À  cause d’un individu qui se gausse, paraît-il, des plus pauvres en les appelant les « sans dents », de nombreuses expressions comprenant le mot dent me sont revenues en mémoire. S’il est bien vrai que François Hollande a prononcé ces mots, les Français dans leur majorité auraient raison d’avoir une dent contre  lui.

Avoir une dent contre quelqu’un, c’est en vouloir à ce quelqu’un et les Français ont bien des raisons d’en vouloir à ce président « grand prometteur petit donneur » comme disent les créoles ; je vous renvoie à la lecture d’un de mes billets de 2011 « Promesse ». Nous pouvons avoir une dent contre quelqu’un et même garder une dent contre lui pendant longtemps. Il faut avoir de la mémoire. Pourquoi les citoyens français oublient-ils si vite ? Et pourquoi n’ont-ils pas encore compris que nos politiques mentent sans cesse ? Chacun d’entre eux (ou presque) ment comme un arracheur de dents ; ils mentent effrontément,  il suffit de se souvenir de Jérôme Cahuzac. Et cela changera quand les poules auront des dents, c’est-à-dire jamais.

En ce qui me concerne, j’ai soixante et un ans et (pas) toutes mes dents, ne serait-ce que parce que mes dents de lait ont disparu il y a bien des lustres et que mes dents de sagesse ne sont jamais venues, une seule a eu quelques velléités d’apparition mais je l’ai faite arracher et depuis, plus rien… Les autres ont-elles eu peur, se sont-elles cachées ou étais-je destinée à n’être jamais sage ?

Bref, à mon âge, quitte à faire grincer des dents (agacer et/ou  susciter une réaction négative), je n’ai pas envie de me taire et d’avoir peur en silence, je ne parle pas entre mes dents, peu distinctement, en n’articulant pas, j’exprime clairement ce que je pense, certains diront que j’ai la dent dure (que je suis sévère, quelquefois intransigeante) mais je ne fais que dire ce que je pense à un instant donné peut-être parce que je suis sur les dents (surmenée, épuisée ou excédée selon les jours).

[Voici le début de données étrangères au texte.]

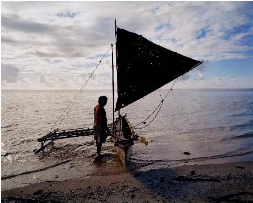
A Fishing Canoe

Well culturally, I think the canoe is part of the family you know. You have the parents – the father and the mother – and you have the children and next to that is the canoe. The canoe is very important, it's like a member of the family in a sense. ... so it's a very intimate relationship with the canoe, because we depend a lot on the sea. If you have no canoe you feel incapacitated because you can't go to the sea, you can't get fish, there is really something missing you know.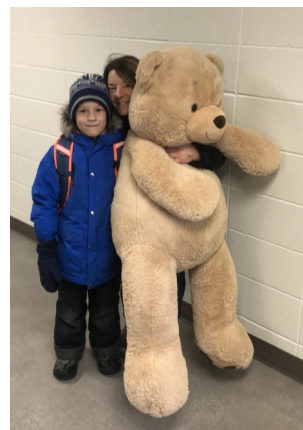
A fun way to end the day is saying goodbye to a big cuddly teddy bear!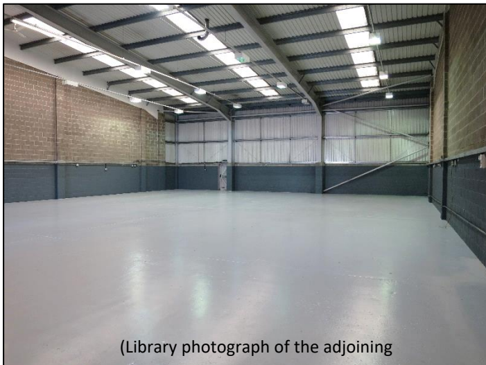
(Library photograph of the adjoining

Up and over entrance door from courtyard area offering good vehicular access to the warehouse. Glazed door with glazed side panel. Translucent roof panels. Minimum eaves 5.3m (17'3") with a maximum in the centre of 6.92m (22'8")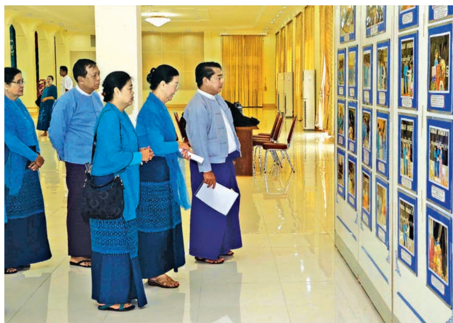
Union Minister for Health Dr Than Aung views round documentary photos on breastfeeding movements of MWAFF depicting maternal and child health.—MNA

Globally, the 2014 them was developed by the World Alliance for Breastfeeding Action (WABA), highlighting the framework of the Millennium Devel-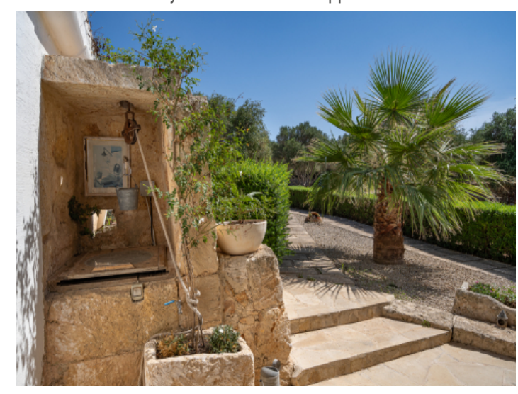
Original fountain next to the terrace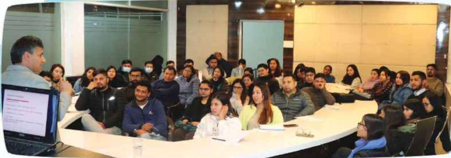
Guest Session on Contemporary HR Practices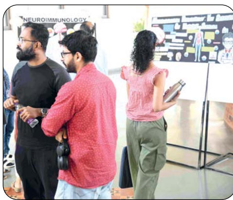
BITS PILANI, GOA, OBSERVES INTERNATIONAL DAY OF IMMUNOLOGY 2025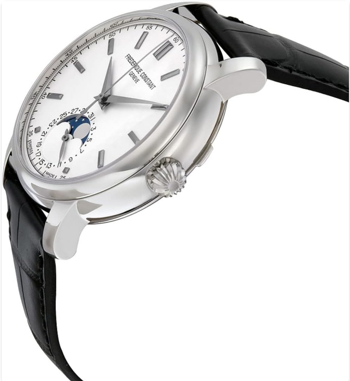
Image 2.2: Side view of the watch, highlighting the fluted crown used for winding and setting.

The crown has multiple positions for setting various functions.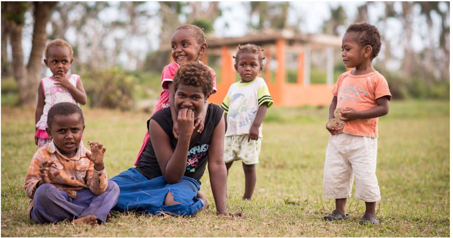
Epau, Vanuatu: A group of pikinini (children) watch Oxfam activities.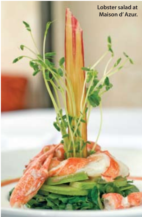
Lobster salad at Maison d'Azur.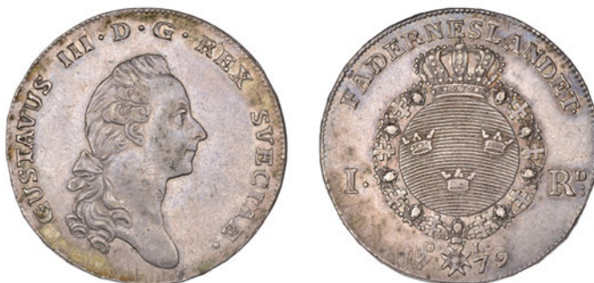
x 1366 Gustav III , Riksdaler, 1779 OL (KM. 527). Very fine, toned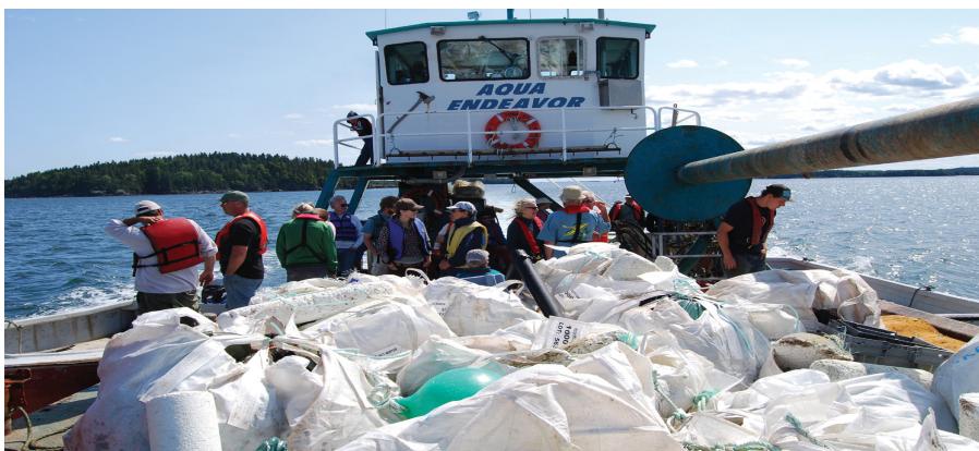
Volunteers head for dry land with garbage removed from three Passamaquoddy Bay islands. NTNB partnered with NCC to deliver the cleanup event this year.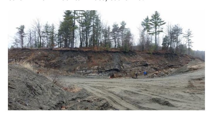
Mill tailings from mining activity at the Cheever Mine, Essex County, New York.

That thorium, however, makes mill tailings easier to locate by airplane surveys since natural, low-level radioactivity can be seen on the images, Shah explained. The airplane surveys were also helpful for detecting the iron ore bodies themselves because the iron is contained in highly magnetic crystals of magnetite. By measuring subtle variations in Earth's magnetic field from the sky, the researchers created 3D models showing the size and shape of the deposits beneath Earth's surface. In addition to mine tailings in the Adirondacks, the USGS is looking into rare earth element occurrences elsewhere in the country, such as in clays in the Southeast or phosphate rocks throughout the U.S. Efforts to map rare earth-bearing formations are also ongoing at the rare earth mine in Mountain Pass, California.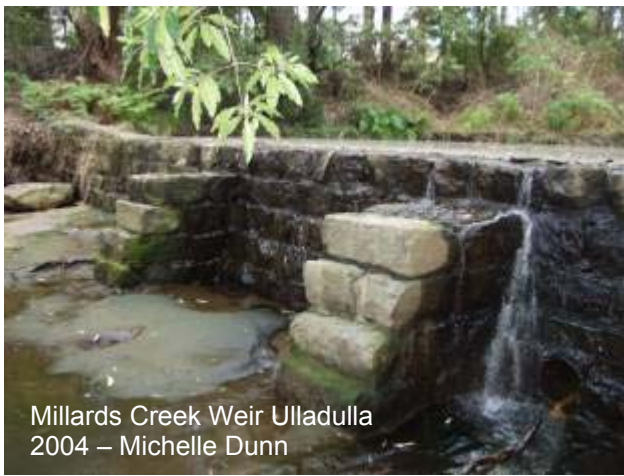
Millards Creek Weir Ulladulla 2004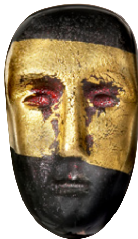
ODEN Series "Brains"

7090898 Sculpture H 75 mm Ø 45 mm Black/gold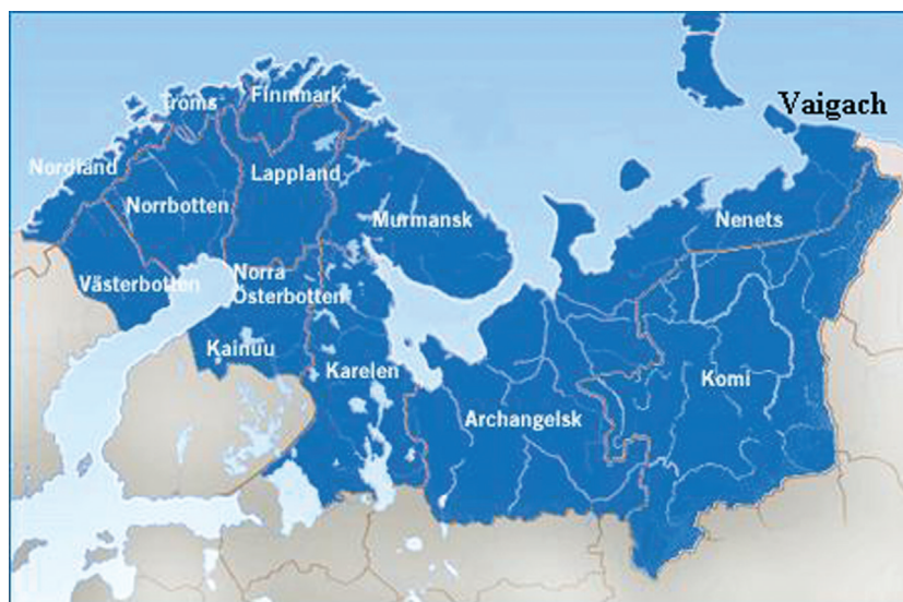
Map. Vaigach on the map of the Barents Euro-Arctic Region

The presence of tundra, the large numbers of marine animals (seals, walrus), and birds (geese) have shaped the features of the traditional economic system of the Nenets living on Vaigach.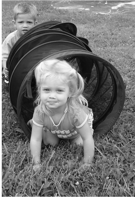
Fun at the Starting Together picnic

Supervisors; 7 FSWs (HFNY only); 6 Sr. FSW’s (4 have 50% HFNY and 50% EHS caseloads; 2 are 100% EHS); 2 FAWs; 1 Father Involvement Specialist; Program Assistant (Data Entry) and a Child Development Specialist.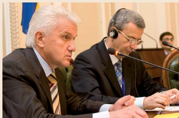
35th Meeting of the Economic, Commercial, Technological and Environmental Affairs Committee in Kyiv, on 29-30 September 2010.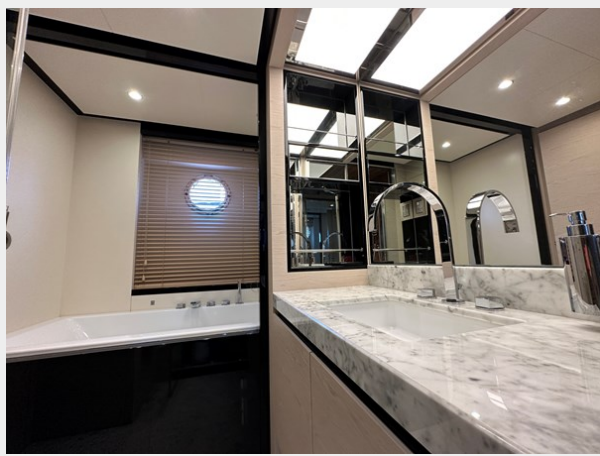
36_2015 82ft Azimut Flybridge SLINGSHOT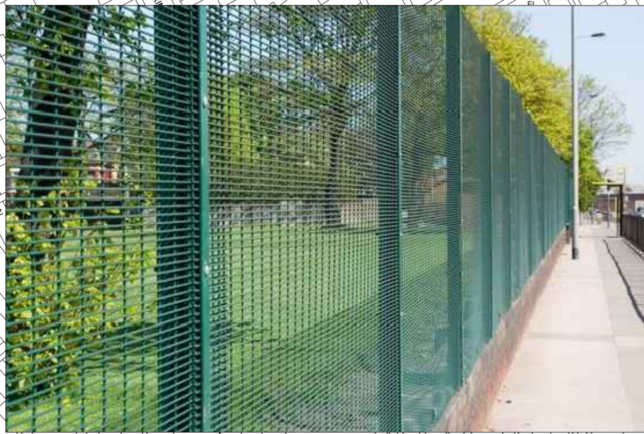
2.4m high Paladin (weldmesh) Fencing Dark Green RAL.6005, to boundary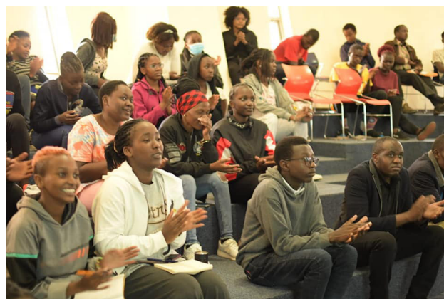
Participants following the session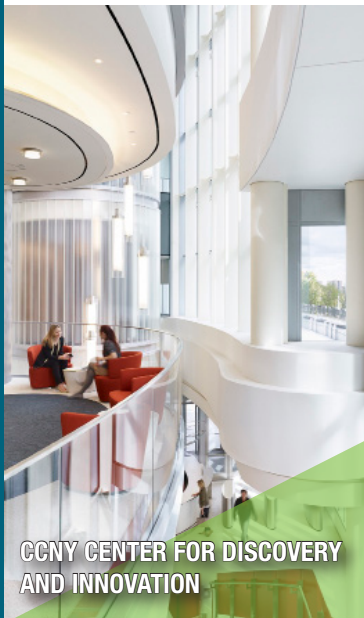
CCNY CENTER FOR DISCOVERY AND INNOVATION

By working at DASNY, you help create the foundation that enables New York to compete in the 21 st century.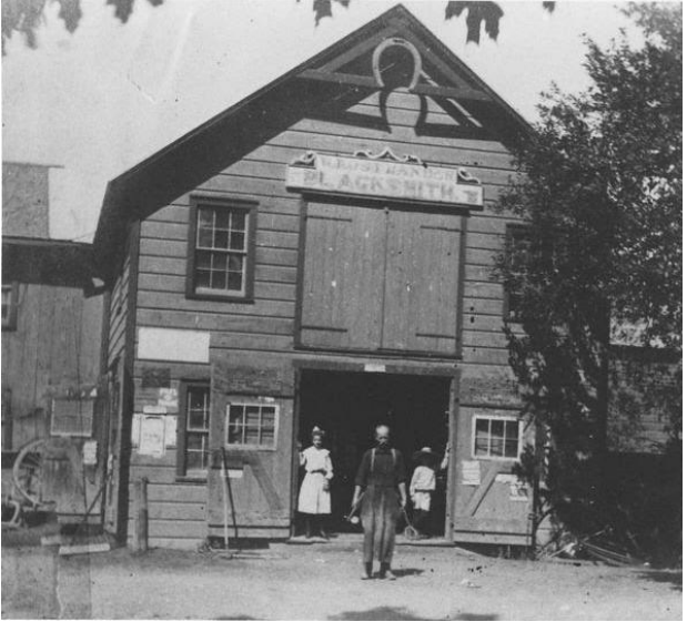
Ostrander Blacksmith on Jansen Lane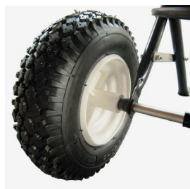
LARGE PNEUMATIC TYRES

Moi qui rêvais de voir mes enfants mordre la vie à belles dents ou à pleines dents (de bon appétit et avec beaucoup d’énergie), je les vois trentenaires, désabusés, quelquefois déprimés et surtout exploités. Pour eux, la vie, l’avenir c’est précarité, récession, rémunérations ridicules, cursus et diplômes dévalorisés… Rien ne leur est épargné si on ajoute Sida, Ébola, terrorisme… Et pourtant nous voulions qu’ils soient heureux. Comment en est-on arrivé là ? Génération perdue ? Est-ce parce qu’ils n’ont pas les dents du bonheur (un espace marqué entre les deux incisives) ou simplement la faute à « pas d’chance » ?

Il y a pourtant encore quelques personnes, jeunes et moins jeunes, à avoir les dents longues (être très ambitieux) qui ont envie d’attraper, prendre la lune avec les dents, de tenter l’impossible pour réussir. Certains d’entre eux ont même des dents qui rayent le parquet (une ambition excessive). On en a vu au moins un très bien réussir : le petit Nicolas est devenu président de la République.

Si certains ont les dents longues, d’autres se contentent d’avoir la dent (avoir faim) ou d’avoir une dent creuse et je crains que nous ne soyons de plus en plus nombreux à m’avoir rien à nous mettre sous la dent (rien à manger) avec ce pouvoir d’achat en berne. Nous finirons par perdre nos dents, celles que nous n’aurons plus les moyens de nous faire soigner car ça ne va pas s’arranger. Je vous  renvoie à la lecture de cet article du Monde : « des dents en moins, pas les moyens ».

Quoi que l’on dise à gauche, mensonge de Trierweiler ou pas, une chose est sûre, la gauche n’aime pas les pauvres, elle utilise la même panoplie que Sarkozy pour les éradiquer et même pire puisqu’elle avait fait croire le contraire. Rebsamen fait la chasse aux chômeurs (les sans-dents sont fraudeurs), Macron revient sur les 35 heures  (les sans-dents sont paresseux) mais la gauche continue à offrir l’AME aux étrangers et des tas d’autres avantages. De quoi entretenir dans notre pays un climat propice à la haine des uns et des autres.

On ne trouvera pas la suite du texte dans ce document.